### Input records
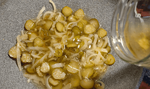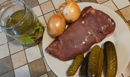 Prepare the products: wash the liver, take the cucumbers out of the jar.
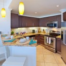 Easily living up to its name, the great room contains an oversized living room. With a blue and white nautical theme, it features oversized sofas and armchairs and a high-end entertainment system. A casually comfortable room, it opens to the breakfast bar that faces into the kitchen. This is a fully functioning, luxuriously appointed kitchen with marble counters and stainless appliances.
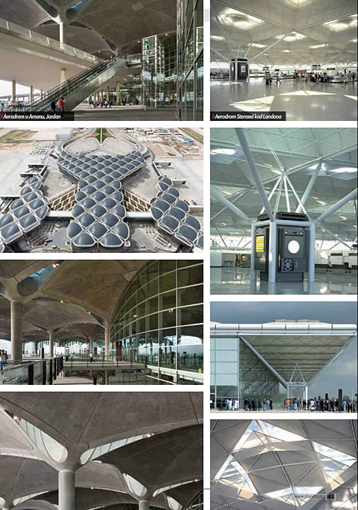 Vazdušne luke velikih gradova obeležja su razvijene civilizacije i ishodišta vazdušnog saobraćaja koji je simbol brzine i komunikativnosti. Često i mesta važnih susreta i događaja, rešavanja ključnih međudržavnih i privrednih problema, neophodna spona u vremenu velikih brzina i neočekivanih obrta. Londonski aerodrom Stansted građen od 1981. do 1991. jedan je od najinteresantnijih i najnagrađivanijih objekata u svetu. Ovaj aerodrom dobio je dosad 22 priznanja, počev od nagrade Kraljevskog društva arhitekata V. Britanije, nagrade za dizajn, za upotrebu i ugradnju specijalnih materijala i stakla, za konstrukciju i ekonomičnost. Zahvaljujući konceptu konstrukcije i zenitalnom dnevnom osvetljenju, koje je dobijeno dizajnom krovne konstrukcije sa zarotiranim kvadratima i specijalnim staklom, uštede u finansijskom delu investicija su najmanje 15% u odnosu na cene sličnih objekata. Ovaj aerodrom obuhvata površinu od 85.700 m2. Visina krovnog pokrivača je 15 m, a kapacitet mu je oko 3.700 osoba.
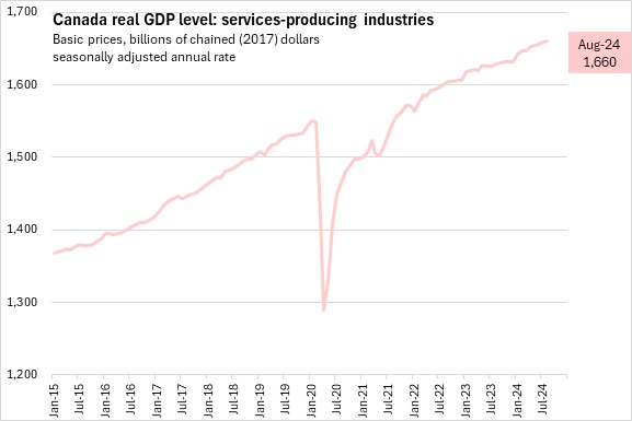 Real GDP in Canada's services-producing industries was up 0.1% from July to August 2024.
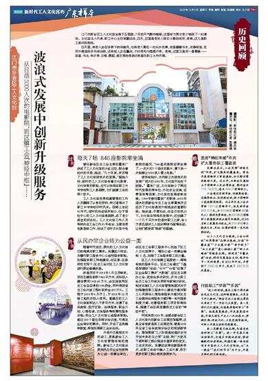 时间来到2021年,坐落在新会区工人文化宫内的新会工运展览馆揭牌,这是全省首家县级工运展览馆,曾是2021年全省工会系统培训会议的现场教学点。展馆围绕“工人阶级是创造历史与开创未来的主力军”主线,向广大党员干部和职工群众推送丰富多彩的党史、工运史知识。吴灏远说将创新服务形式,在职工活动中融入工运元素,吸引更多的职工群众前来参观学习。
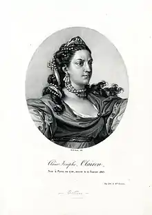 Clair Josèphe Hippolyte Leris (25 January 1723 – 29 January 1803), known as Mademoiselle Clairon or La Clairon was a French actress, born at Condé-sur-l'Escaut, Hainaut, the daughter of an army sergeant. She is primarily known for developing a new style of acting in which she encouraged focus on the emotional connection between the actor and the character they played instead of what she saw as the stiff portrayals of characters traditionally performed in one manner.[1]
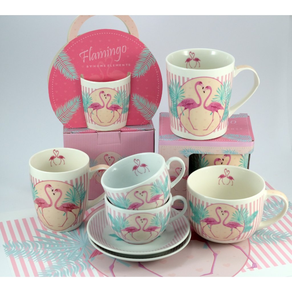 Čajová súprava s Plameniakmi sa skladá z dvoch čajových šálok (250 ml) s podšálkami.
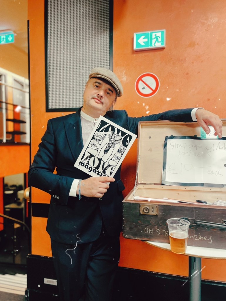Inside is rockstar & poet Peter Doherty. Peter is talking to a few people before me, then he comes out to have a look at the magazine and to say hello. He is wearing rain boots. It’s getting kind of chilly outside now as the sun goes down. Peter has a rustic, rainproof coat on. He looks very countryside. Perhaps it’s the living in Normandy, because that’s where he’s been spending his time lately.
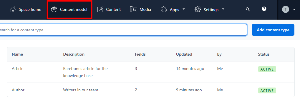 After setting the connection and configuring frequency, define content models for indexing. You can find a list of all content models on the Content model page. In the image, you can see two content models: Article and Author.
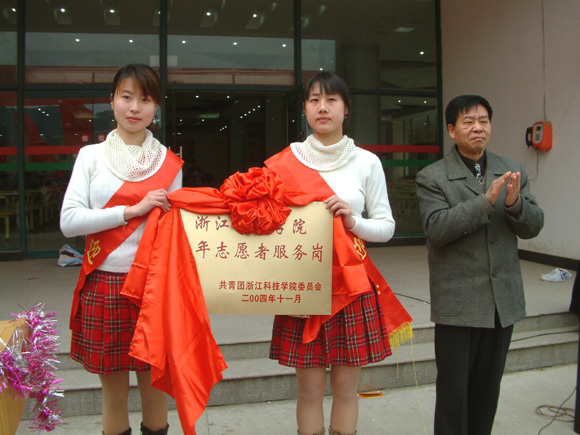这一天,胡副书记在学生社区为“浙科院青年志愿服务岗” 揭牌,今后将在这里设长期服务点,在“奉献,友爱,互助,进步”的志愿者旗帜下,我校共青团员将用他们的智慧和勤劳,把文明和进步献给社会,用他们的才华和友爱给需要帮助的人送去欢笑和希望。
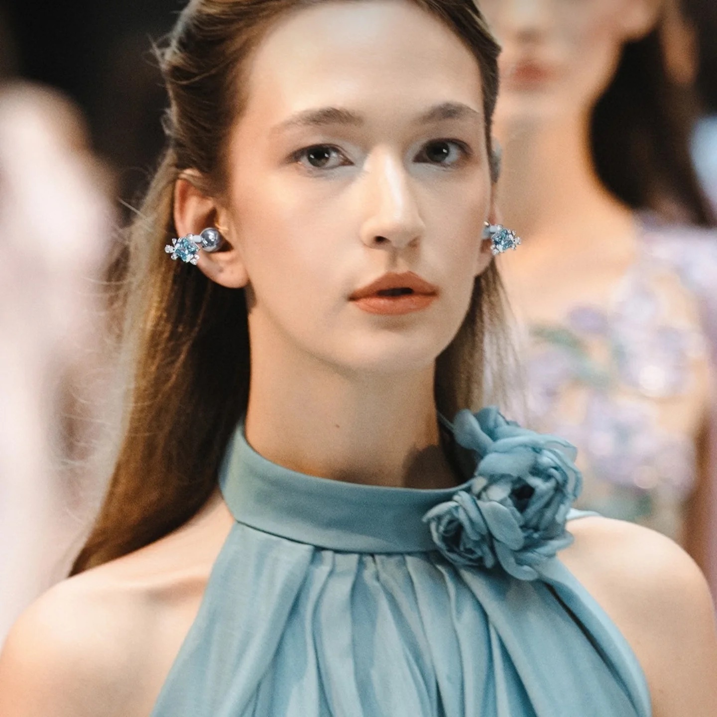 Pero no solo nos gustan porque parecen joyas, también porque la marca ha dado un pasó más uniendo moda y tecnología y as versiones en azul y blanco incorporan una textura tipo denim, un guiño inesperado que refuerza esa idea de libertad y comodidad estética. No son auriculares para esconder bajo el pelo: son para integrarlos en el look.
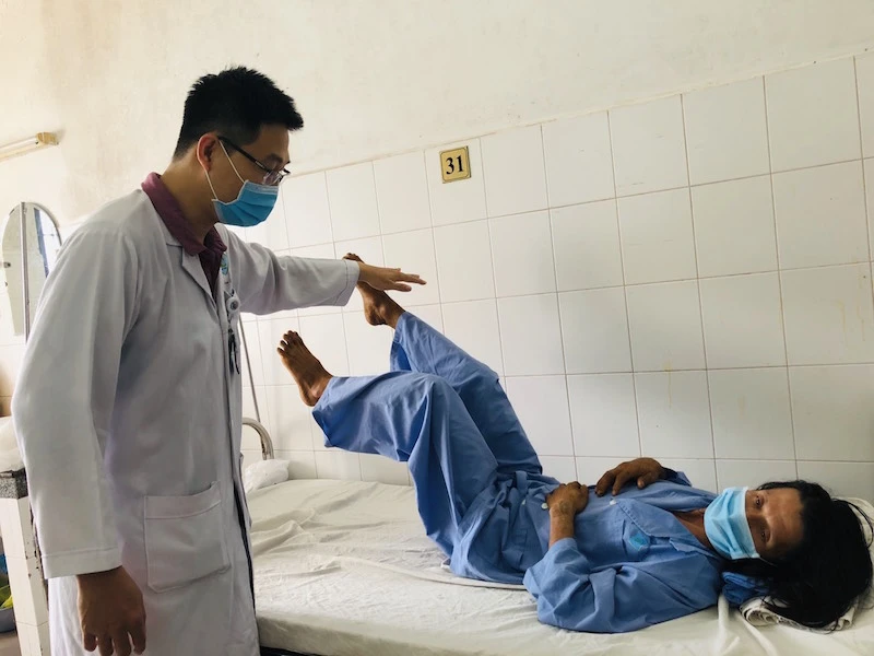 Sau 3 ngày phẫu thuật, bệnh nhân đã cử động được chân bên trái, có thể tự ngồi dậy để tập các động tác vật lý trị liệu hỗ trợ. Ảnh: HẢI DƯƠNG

### What to work on
Nothing but the lines from the one containing "After setting the" through the last line of the records above should appear, each repeated exactly, with no pictures.

### Exercise response
 After setting the connection and configuring frequency, define content models for indexing. You can find a list of all content models on the Content model page. In the image, you can see two content models: Article and Author.
这一天,胡副书记在学生社区为“浙科院青年志愿服务岗” 揭牌,今后将在这里设长期服务点,在“奉献,友爱,互助,进步”的志愿者旗帜下,我校共青团员将用他们的智慧和勤劳,把文明和进步献给社会,用他们的才华和友爱给需要帮助的人送去欢笑和希望。
 Pero no solo nos gustan porque parecen joyas, también porque la marca ha dado un pasó más uniendo moda y tecnología y as versiones en azul y blanco incorporan una textura tipo denim, un guiño inesperado que refuerza esa idea de libertad y comodidad estética. No son auriculares para esconder bajo el pelo: son para integrarlos en el look.
 Sau 3 ngày phẫu thuật, bệnh nhân đã cử động được chân bên trái, có thể tự ngồi dậy để tập các động tác vật lý trị liệu hỗ trợ. Ảnh: HẢI DƯƠNG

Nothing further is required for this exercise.